Everything below from the line with "The focal point" through the line with "- వెబ్సైట్ హోమ్" should be copied exactly, and nothing else; leave out the pictures.

*Input data*
+ + + + +

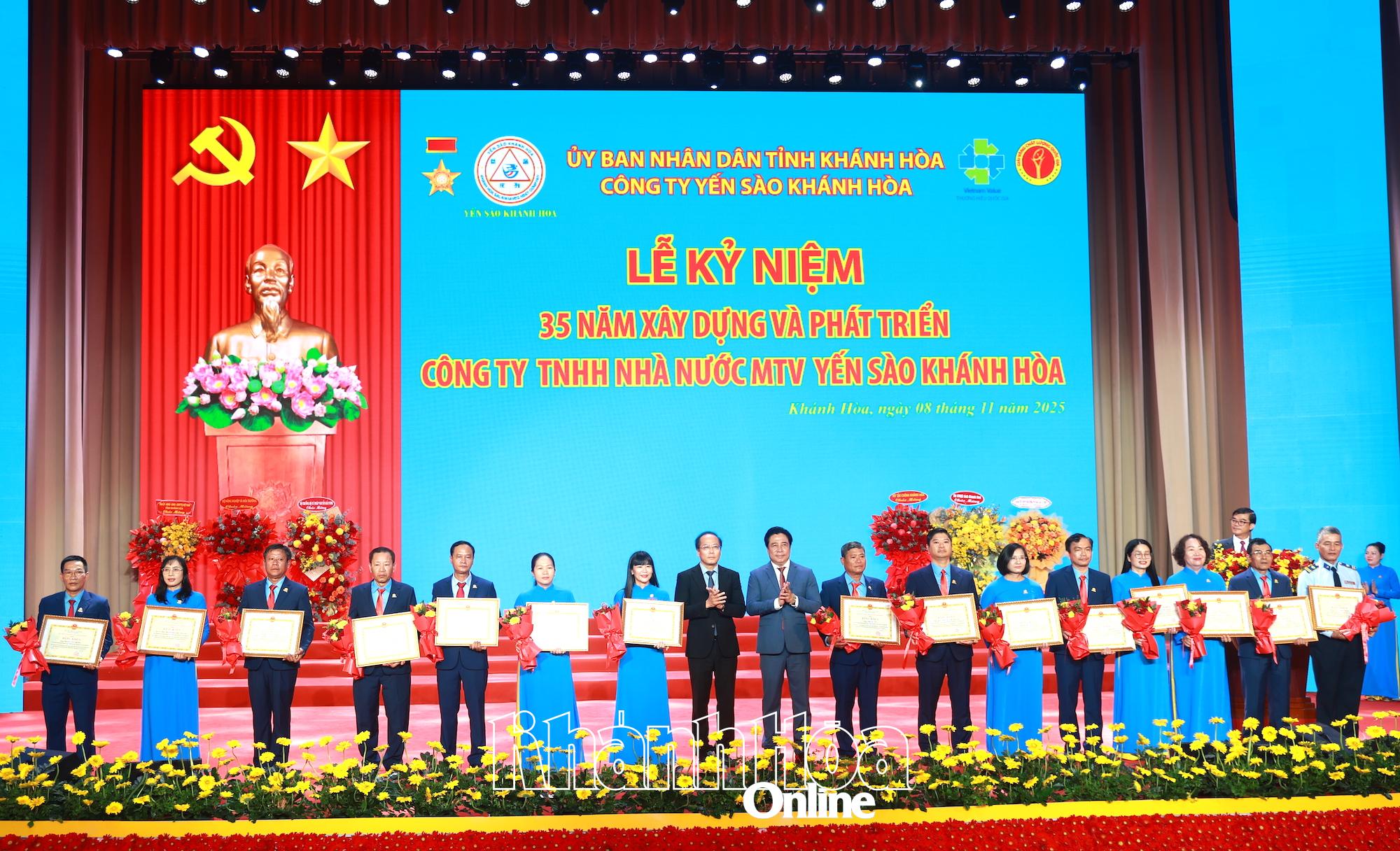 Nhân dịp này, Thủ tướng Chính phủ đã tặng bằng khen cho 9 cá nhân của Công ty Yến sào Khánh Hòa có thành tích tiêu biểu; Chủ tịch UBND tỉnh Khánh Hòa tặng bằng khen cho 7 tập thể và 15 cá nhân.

+ + + + +

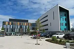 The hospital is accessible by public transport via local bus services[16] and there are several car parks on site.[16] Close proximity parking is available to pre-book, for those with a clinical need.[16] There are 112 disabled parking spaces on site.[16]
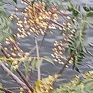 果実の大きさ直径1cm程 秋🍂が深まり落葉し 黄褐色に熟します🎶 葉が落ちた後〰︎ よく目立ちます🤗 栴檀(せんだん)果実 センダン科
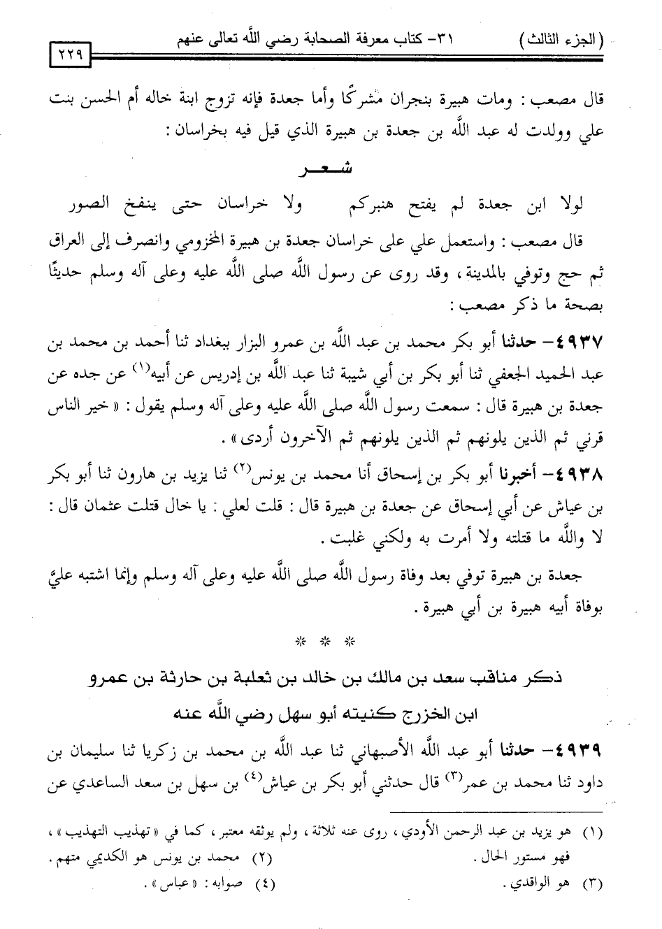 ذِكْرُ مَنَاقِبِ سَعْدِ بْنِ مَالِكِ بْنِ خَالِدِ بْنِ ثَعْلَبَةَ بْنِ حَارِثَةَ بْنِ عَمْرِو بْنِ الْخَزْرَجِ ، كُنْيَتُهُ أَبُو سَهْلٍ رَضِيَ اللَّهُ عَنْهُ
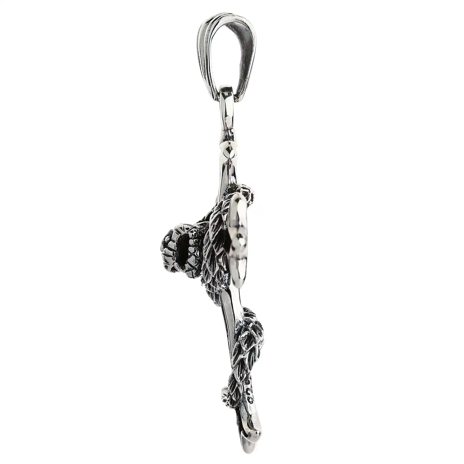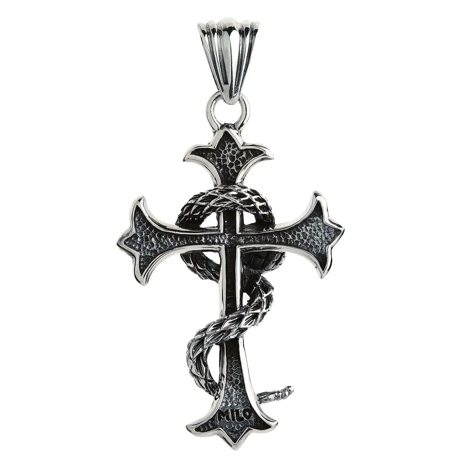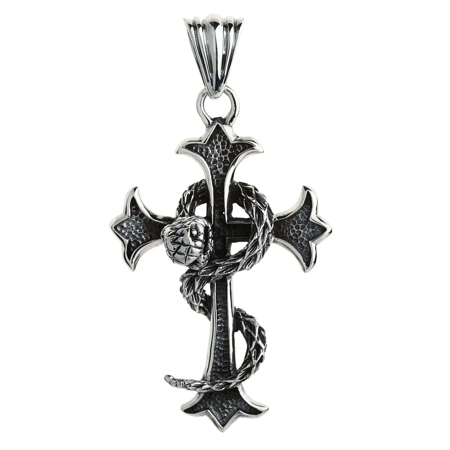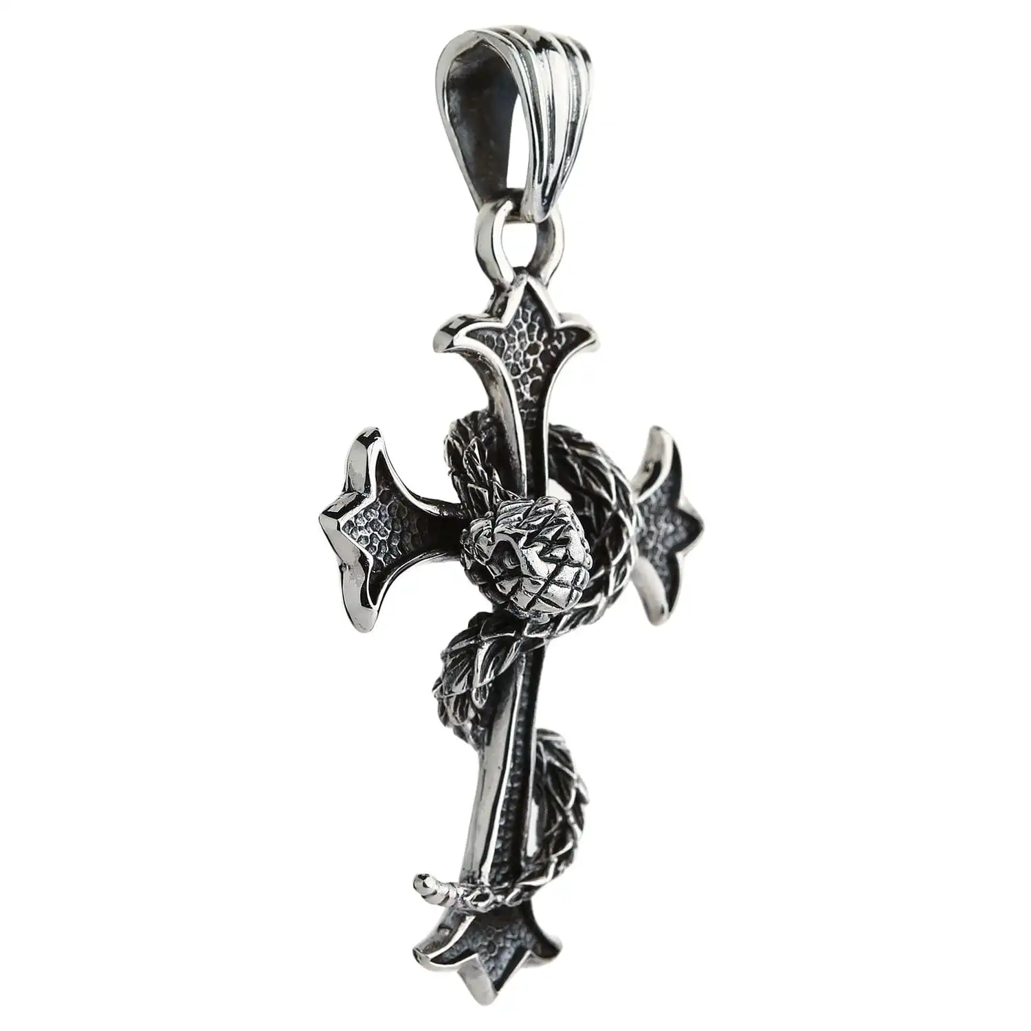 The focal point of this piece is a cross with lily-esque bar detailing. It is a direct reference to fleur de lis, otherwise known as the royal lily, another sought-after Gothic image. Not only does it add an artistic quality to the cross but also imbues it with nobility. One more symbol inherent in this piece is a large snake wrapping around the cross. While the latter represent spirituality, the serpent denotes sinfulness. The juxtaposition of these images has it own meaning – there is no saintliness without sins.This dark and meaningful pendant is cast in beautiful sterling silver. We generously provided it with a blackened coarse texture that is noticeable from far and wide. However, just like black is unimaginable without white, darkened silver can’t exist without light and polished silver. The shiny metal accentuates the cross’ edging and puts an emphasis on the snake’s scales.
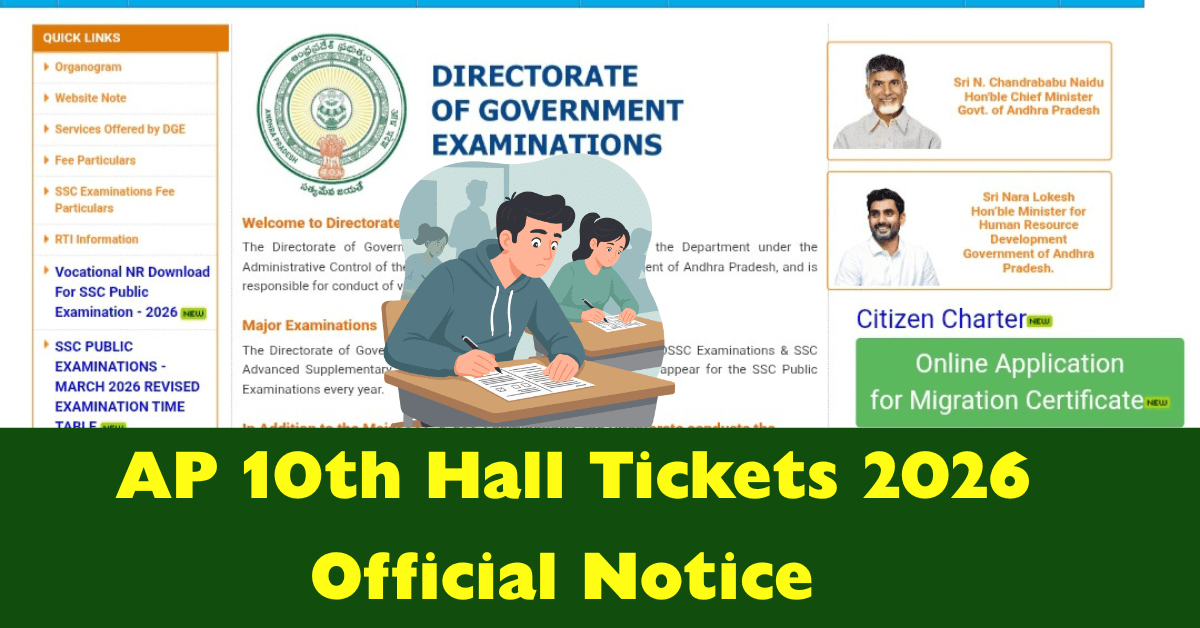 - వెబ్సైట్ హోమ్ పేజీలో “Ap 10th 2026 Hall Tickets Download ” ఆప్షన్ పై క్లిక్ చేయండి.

+ + + + +

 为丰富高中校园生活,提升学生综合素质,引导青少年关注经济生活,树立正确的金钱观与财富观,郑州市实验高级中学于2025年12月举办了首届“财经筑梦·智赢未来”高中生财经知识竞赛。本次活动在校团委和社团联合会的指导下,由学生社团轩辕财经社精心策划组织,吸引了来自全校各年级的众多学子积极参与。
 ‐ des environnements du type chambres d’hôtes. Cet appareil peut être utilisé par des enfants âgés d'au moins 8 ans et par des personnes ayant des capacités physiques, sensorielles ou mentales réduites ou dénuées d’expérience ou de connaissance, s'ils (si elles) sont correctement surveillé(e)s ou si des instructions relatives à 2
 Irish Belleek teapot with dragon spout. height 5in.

+ + + + +

*Completed exercise*
 The focal point of this piece is a cross with lily-esque bar detailing. It is a direct reference to fleur de lis, otherwise known as the royal lily, another sought-after Gothic image. Not only does it add an artistic quality to the cross but also imbues it with nobility. One more symbol inherent in this piece is a large snake wrapping around the cross. While the latter represent spirituality, the serpent denotes sinfulness. The juxtaposition of these images has it own meaning – there is no saintliness without sins.This dark and meaningful pendant is cast in beautiful sterling silver. We generously provided it with a blackened coarse texture that is noticeable from far and wide. However, just like black is unimaginable without white, darkened silver can’t exist without light and polished silver. The shiny metal accentuates the cross’ edging and puts an emphasis on the snake’s scales.
 - వెబ్సైట్ హోమ్ పేజీలో “Ap 10th 2026 Hall Tickets Download ” ఆప్షన్ పై క్లిక్ చేయండి.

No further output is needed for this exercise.